Future Shock! The Story of 2000AD

Wyrd Britain reviews 'Future Shock! The Story of 2000AD'.
Established at the same time as the nascent punk movement in the UK, 2000AD tapped into the same anti-authoritan zeitgeist. It was big, bold, bloody, beautiful and bonkers and for the best part of five decades this weekly anthology comic (and it's various spin offs) has been providing us with work from some of the worlds top comic creators. The role call of contributors is mind blowing, Alan Moore, Kevin O'Neill, John Wagner, Pat Mills, Alan Grant, Brian Bolland, Bryan Talbot, Simon Bisley, Garth Ennis, Neil Gaiman, Dan Abnett, Grant Morrison, Mike McMahon, Dave Gibbons and so many more. All of these guys - and it was almost exclusively guys, women creators have always been horrendously under-represented in comics generally and 2000AD in particular  - would go on to define how comics looked and what they said from the late 20th century on.

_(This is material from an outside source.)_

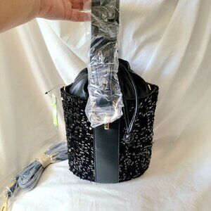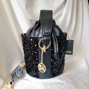 Badgley Mischka NWT Black Sequin Bucket Bag Vegan Leather ~ Non-Smoking Home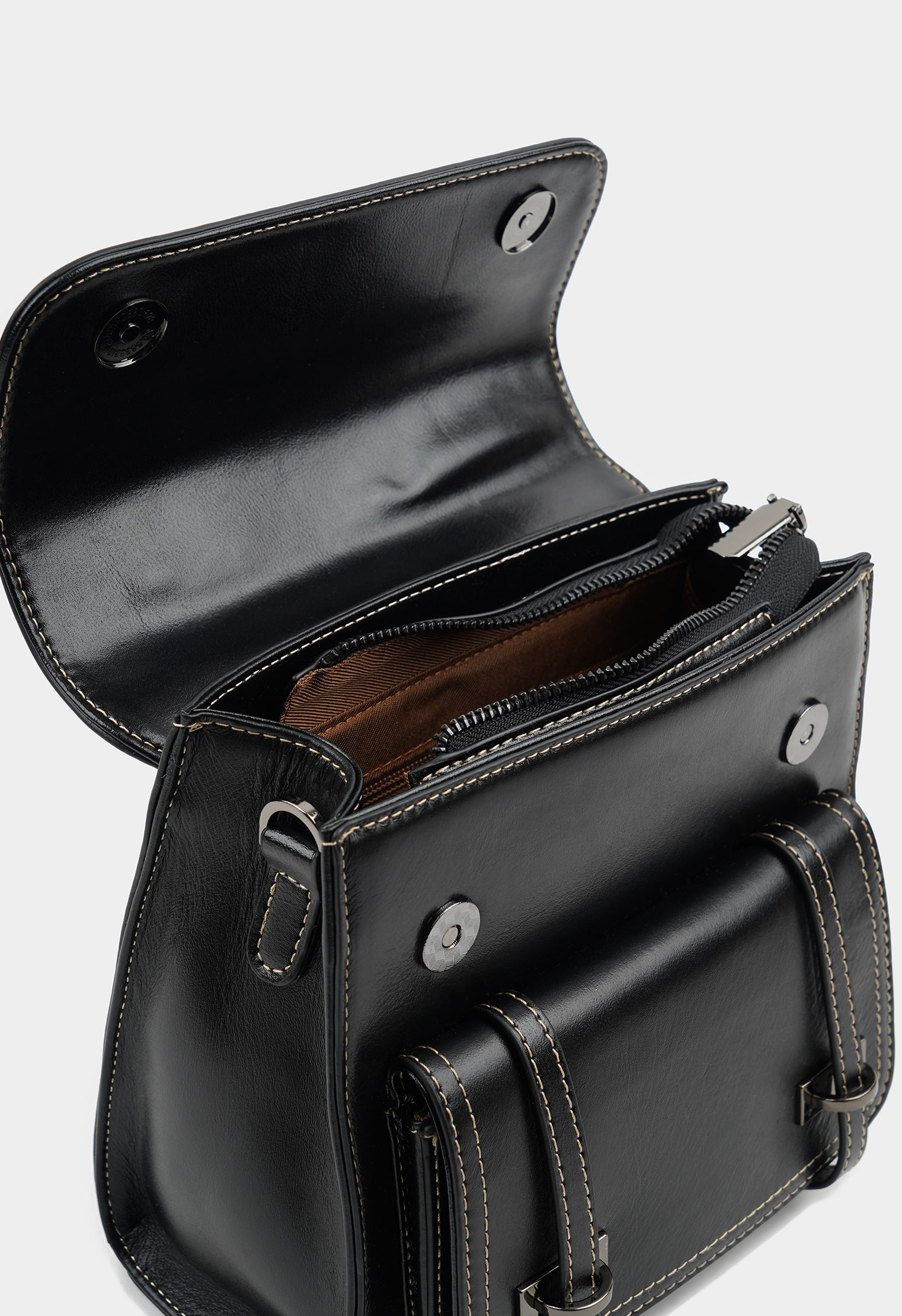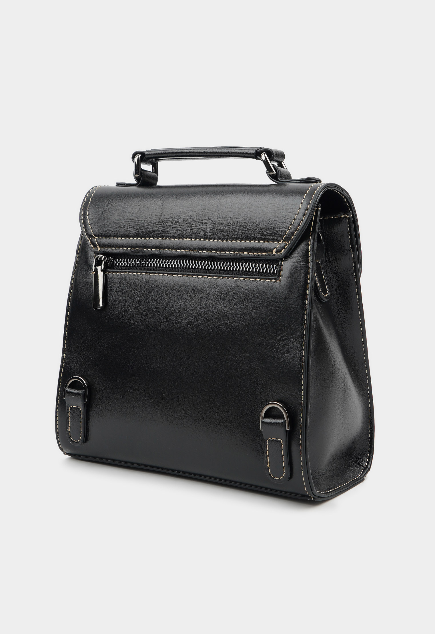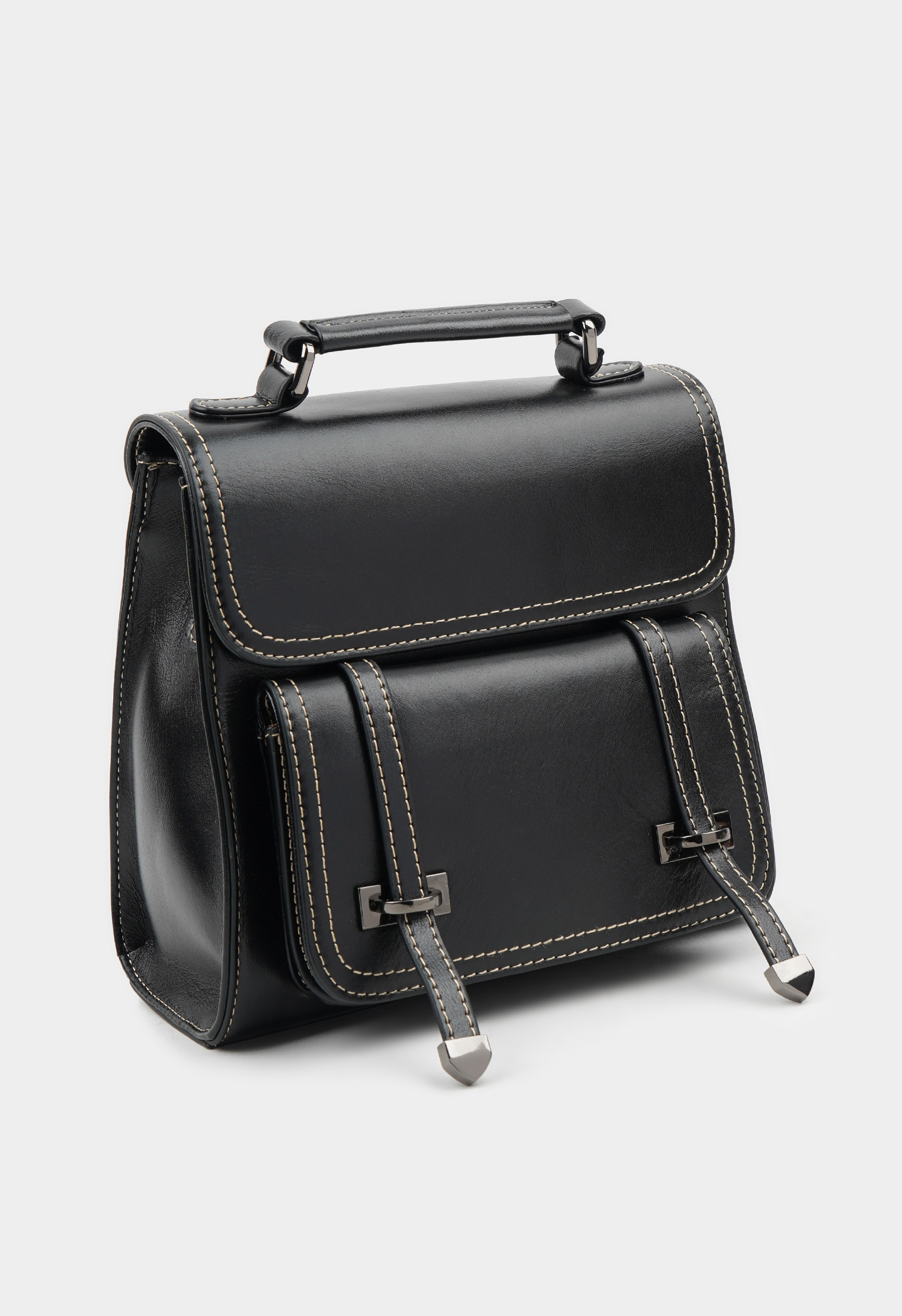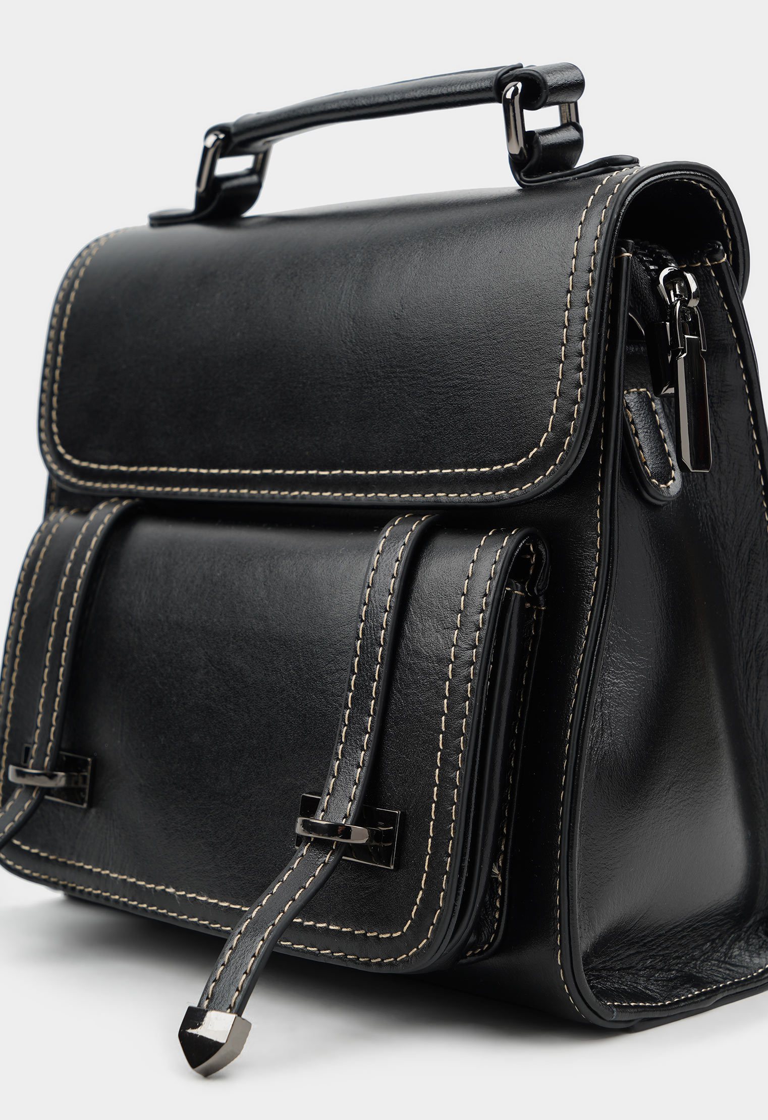 Компактная сумка из новой коллекции изготовлена из натуральной кожи и декорирована контрастной строчкой. Изделие дополнено удобной ручкой, двумя внутренними и двумя внешними карманами. Съемные ремни с регулировкой позволяют носить аксессуар в руке и на плече. Однотонная модель станет украшением современного образа на каждый день.

Between them they gave life to hordes of classic characters, future teen Halo Jones, dystopian cop Judge Dredd, alien freedom fighter Nemesis, mutant bounty hunter Strontium Dog, Celtic warrior Slaine, genetic soldier Rogue Trooper, alien teenage delinquents DR & Quinch,  pop culture superhero Zenith, the list goes on.

It also provided us with the single greatest panel in comics...

Gaze Into the Fist of Dredd

two Dredd films of varying quality (we heartily recommend the Karl Urban one) and an upcoming Rogue Trooper one.

Over the years I've been an occasional reader of the weekly comic but am an avid reader of the graphic novels.  Many of the classic 2000AD stories have been collected together in phone book (anyone remember phone books?) sized collections and the publisher - Rebellion - continues to issue nicely produced collections of more recent stories. 

This documentary was released in 2014 and features contributions from many of those mentioned above, some of whom are sadly no longer with us, as well as fans such as Geoff Barrow, Alex Garland, Scott Ian and Karl Urban, and is a fascinating and informative watch that tells much of the creation of a great British cultural institution.
 

 
(In the interest of clarity, a version of this post has appeared here before celebrating the 40th anniversary of the comic, but I wanted to update it to include this excellent documentary.)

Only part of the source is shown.